Aggiornamento: 18 gen 2022

Il diritto d'autore


La libertà di espressione e la libertà artistica sono principi tutelati dalla Costituzione italiana agli artt. 21 e 33. Dette libertà, tuttavia, incontrano quale limite il rispetto dei diritti altrui e, in particolare, del diritto d’autore. Ai sensi dell’art. 2575 c.c. “formano oggetto del diritto di autore le opere dell'ingegno di carattere creativo che appartengono alle scienze, alla letteratura, alla musica, alle arti figurative, all'architettura, al teatro e alla cinematografia, qualunque ne sia il modo o la forma di espressione”.

La legge n. 633/1941 (legge sul diritto d’autore, l.d.a.) elenca e precisa le opere dell'ingegno di carattere creativo protette dal diritto d’autore, tra le quali rientrano le arti figurative (art. 1), le opere della scultura, della pittura, dell'arte del disegno, della incisione e delle arti figurative similari (art. 2, n. 4), i disegni e le opere dell’architettura (art. 2, n. 5), nonché le opere fotografiche (art. 2 n. 7).

Ai sensi della legge citata, l'autore ha il diritto esclusivo di pubblicare l’opera, nonché di utilizzarla economicamente in ogni forma e modo, originale o derivato (art. 12 l.d.a.). In particolare, spetta all’autore l’esercizio, tra gli altri, dei seguenti diritti esclusivi di natura patrimoniale: a) il diritto di riproduzione (art. 13 l.d.a.); b) il diritto di comunicazione, diffusione e messa a disposizione al pubblico (art. 16, comma 1 l.d.a.); c) il diritto di distribuzione e messa in commercio o in circolazione (art. 17, comma 2 l.d.a); d) il diritto di cessione in noleggio (art. 18 l.d.a.); nonché, tra gli altri, i seguenti diritti morali: a) il diritto di essere pubblicamente indicato e riconosciuto come creatore dell’opera; b) il diritto all’integrità dell’opera.

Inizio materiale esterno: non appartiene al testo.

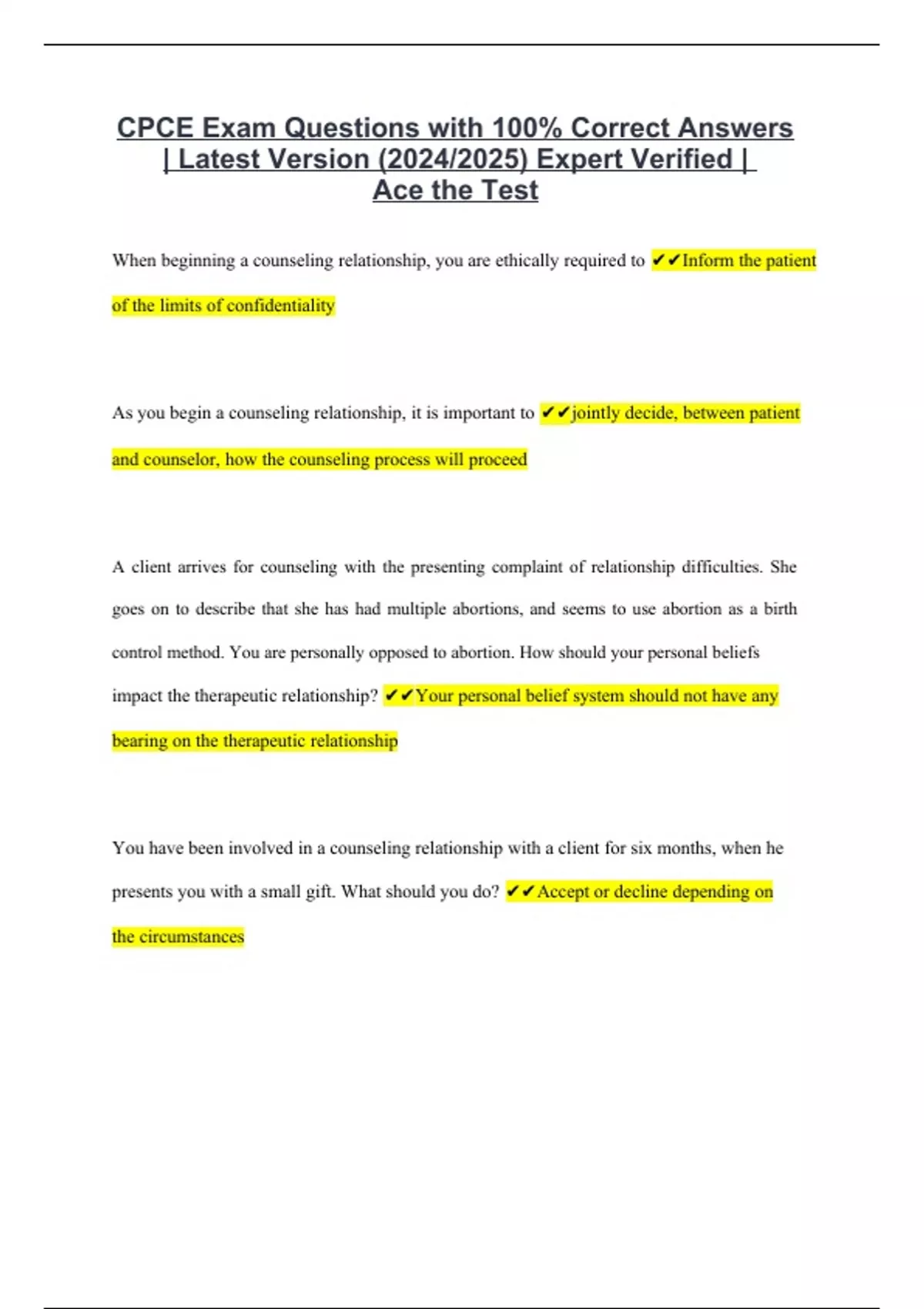 CPCE Exam Questions with 100% Correct Answers | Latest Version (2024/2025) Expert Verified | Ace the Test

Le opere di pubblico dominio e quelle di libera utilizzazione


Sfuggono alla tutela patrimoniale prevista dalla normativa sul diritto d’autore, e sono quindi suscettibili di libero utilizzo, tutte le opere creative di cd. pubblico dominio - ad es. per esaurimento del diritto di seguito o per rinuncia dell’autore ai propri diritti sull’opera - nonché quelle di cd. libera utilizzazione, tra le quali: gli articoli di attualità pubblicati su riviste o giornali (art. 65, comma 1 l.d.a.); le singole opere o brani di opere per uso personale dei lettori (art. 68, comma 1 l.d.a.); il riassunto, la citazione o la riproduzione di brani o di parti di opera e loro comunicazione al pubblico per uso di critica o di discussione o per fini di insegnamento o di ricerca scientifica, esclusivamente per finalità illustrative e per fini non commerciali (art. 70, comma 1 l.d.a.); la pubblicazione su internet, a titolo gratuito, di immagini e musiche a bassa risoluzione o degradate, per uso didattico o scientifico e solo nel caso in cui tale utilizzo non sia a scopo di lucro (art. 70, comma 1 bis l.d.a.).



I beni culturali


Il Codice dei beni culturali e del paesaggio (d.lgs. n. 42/2004, convertito in legge 6 luglio 2002, n. 137, c.b.c.), invece, si occupa di prestare tutela ai beni culturali appartenenti allo Stato, alle regioni, agli altri enti pubblici territoriali, nonché ad ogni altro ente ed istituto pubblico e a persone giuridiche private senza fine di lucro, ivi compresi gli enti ecclesiastici civilmente riconosciuti (art. 10, comma 1 c.b.c.).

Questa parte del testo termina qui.